5. Cell editing, undo/redo, keyboard shortcuts
Inline editing introduces complexity because it interacts with selection state, focus, scroll, and collaboration concurrency.
Editing lifecycle
Focus cell
─▶ Enter edit mode
─▶ Validate changes (sync or async)
─▶ Apply changes to store
─▶ Sync with backend
Local updates should be optimistic. If the backend rejects a change, you revert it and push an error toast or inline message.
Undo/redo
Do not rely on browser history. Maintain your own operation stack:
push({
type: "EDIT_CELL",
rowId,
colId,
before,
after,
});
Undo becomes a reverse operation. Redo re-applies the change.
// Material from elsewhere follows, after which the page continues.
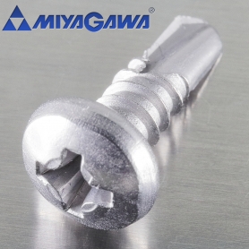 | 特長 | 高品質を誇るミヤガワブランド製品です。 FRXシリーズのドリルねじは下穴無しで板厚12mmの鉄板への打ち込みも可能なMRXドリルねじの抜群の切れ味を引き継ぎつつも低コストを実現しており、一般建築用として広く用いられています。こちらはなべ頭ですが、薄板に適する細目や高トルクで締結できるHEX(六角頭)、サイディング用にシンワッシャーなど目的に応じてお選びいただけます。 一般にドリルネジ(セルフドリリングスクリューとも)は部材を鋼板等に止める締結部品として建設や金属製品の組立等に使用します。タッピンねじの先端部をドリル刃とし、下穴あけ・タップ立て(めねじ加工)・締結をねじ一本で行える利便性を持ち、下穴加工・めねじ立ての工程を省けドリル・タップ等の工具が不要でコスト削減に貢献します。 サイズは「呼び径(d1)×呼び長さ(L)」で呼び長さに頭部の厚みは含みません。 適用最大板厚は呼び径3.5では2.3弌4は3.2(4×10は2.3)、5は4.0个任后 長さは【接合材料の厚み+ドリル部+5〜10mm】を目安に出来ます。 |

This is cheap since changes are tiny diffs.
Keyboard model
Support key flows like:
- Arrow movement
- Enter to edit
- Esc to cancel
Keyboard support forces you to maintain clean selection state that is independent from DOM focus.
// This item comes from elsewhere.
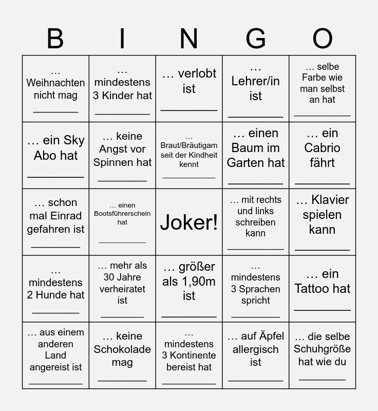 This bingo card has a free space and 24 words: … mehr als 30 Jahre verheiratet ist ________, … keine Schokolade mag ________, …Braut/Bräutigam seit der Kindheit kennt ____________, … aus einem anderen Land angereist ist __________, … selbe Farbe wie man selbst an hat ___________, … Weihnachten nicht mag ________, … ein Sky Abo hat ________, … mindestens 3 Kinder hat _________, … mit rechts und links schreiben kann ___________, … größer als 1,90m ist ________, … einen Baum im Garten hat ________, … schon mal Einrad gefahren ist ________, … mindestens 3 Sprachen spricht _________, … ein Tattoo hat ________, … keine Angst vor Spinnen hat ________, … auf Äpfel allergisch ist _________, … Klavier spielen kann ________, … verlobt ist ________, … ein Cabrio fährt ________, … einen Bootsführerschein hat ____________, … die selbe Schuhgröße hat wie du ________, … mindestens 2 Hunde hat ________, … Lehrer/in ist ________ and … mindestens 3 Kontinente bereist hat __________.

6. Real-time collaboration layer
To make the table collaborative like Notion, you need:
Presence
Track which user is selecting or editing which cell. Store presence separately from dataset:
presence: {
userA: { rowId: "r1", colId: "title" },
userB: { rowId: "r4", colId: "status" },
}
Presence should not trigger dataset re-renders. Treat it as ephemeral UI state.
CRDT or OT
For simple row-level edits, last-write-wins with deltas is enough. For text cells (rich text, long notes), use CRDT structures like Y.js or Automerge.
Reconciliation
When two users edit the same cell simultaneously:
- Apply local edits optimistically
- Receive remote edits
- Reconcile based on timestamp or CRDT merge
- Redraw only the affected cell
Text diagram: Collaboration flow
Local edit → optimistic update → share delta
▲
│
remote deltas merged
7. Production considerations: permissions, row locks, conflicts
Big enterprises care about constraints you do not hit during prototyping.
Permissions
Permissions often vary per row and per column. For example:
- A user can view revenue numbers but not edit them
- A user can edit description but not tags
- A user cannot see archived rows
Store permissions separately:
permissions = {
rowId: { canView: true, canEdit: false },
};
Your UI must use these checks to disable editing and hide sensitive fields.
Row-level locks
If your app supports long edits (think CRM pipelines), you might need soft locks. Example:
PUT /lock/row123
→ lock granted for 30 seconds
Show indicators like "Rahul is editing this row".
Conflict resolution
Conflicts can occur when users edit stale rows. Typical strategies:
- Automatic merge if fields differ
- Prompt user with a merge dialog
- Apply CRDT merge for text fields
- Last writer wins for simple enums
The key is consistency. The system should behave predictably even under contention.
Wrapping Up
When solving a Notion-table system design, structure your thinking around these layers:
- State model: raw dataset, derived view, UI state
- Rendering: virtualization, selective updates, transitions
- Backend sync: cursor pagination, delta updates, view-as-query
- Editing: optimistic updates, undo/redo, keyboard flows
- Collaboration: presence, deltas, CRDTs
- Production constraints: permissions, locks, conflicts
This gives you a complete picture. You show that you understand the UI, the data flow, the distributed complexity and the real-world constraints. And when you actually build such a data explorer, this structure keeps the implementation predictable as the dataset and features grow.